**TRY IT**
Please reproduce all the data exactly as written and omit the pictures.

**AVAILABLE DATA**
————————

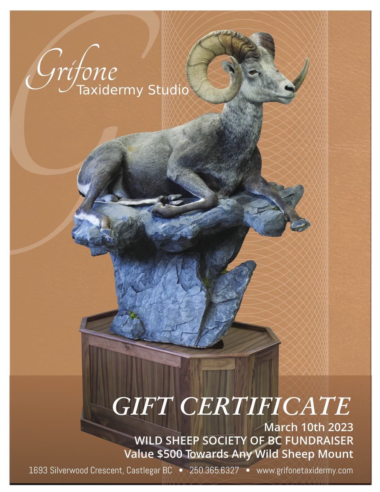 Lot 73 $500 Taxidermy Credit with Grifone Taxidermy Studio
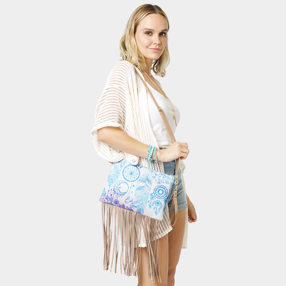Dream Catcher Print Tassel Wristlet Clutch / Crossbody Bag
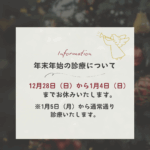 2025年12月26日 / 最終更新日時 : 2025年12月26日 adoTKshKY_sys@7914 information 1月の診療日程と年始のお休みについて 皆さん、こんにちは。 京都府の京田辺市で鍼灸院をしております「高橋鍼灸院」です 1月の診療日程と、年始のお休みについてお知らせいたします。 年末年始は12月28日(日)~1月4日(日)まで休診となり、1月5日(月)より通 […]

————————

**TASK SOLUTION**
 Lot 73 $500 Taxidermy Credit with Grifone Taxidermy Studio
Dream Catcher Print Tassel Wristlet Clutch / Crossbody Bag
 2025年12月26日 / 最終更新日時 : 2025年12月26日 adoTKshKY_sys@7914 information 1月の診療日程と年始のお休みについて 皆さん、こんにちは。 京都府の京田辺市で鍼灸院をしております「高橋鍼灸院」です 1月の診療日程と、年始のお休みについてお知らせいたします。 年末年始は12月28日(日)~1月4日(日)まで休診となり、1月5日(月)より通 […]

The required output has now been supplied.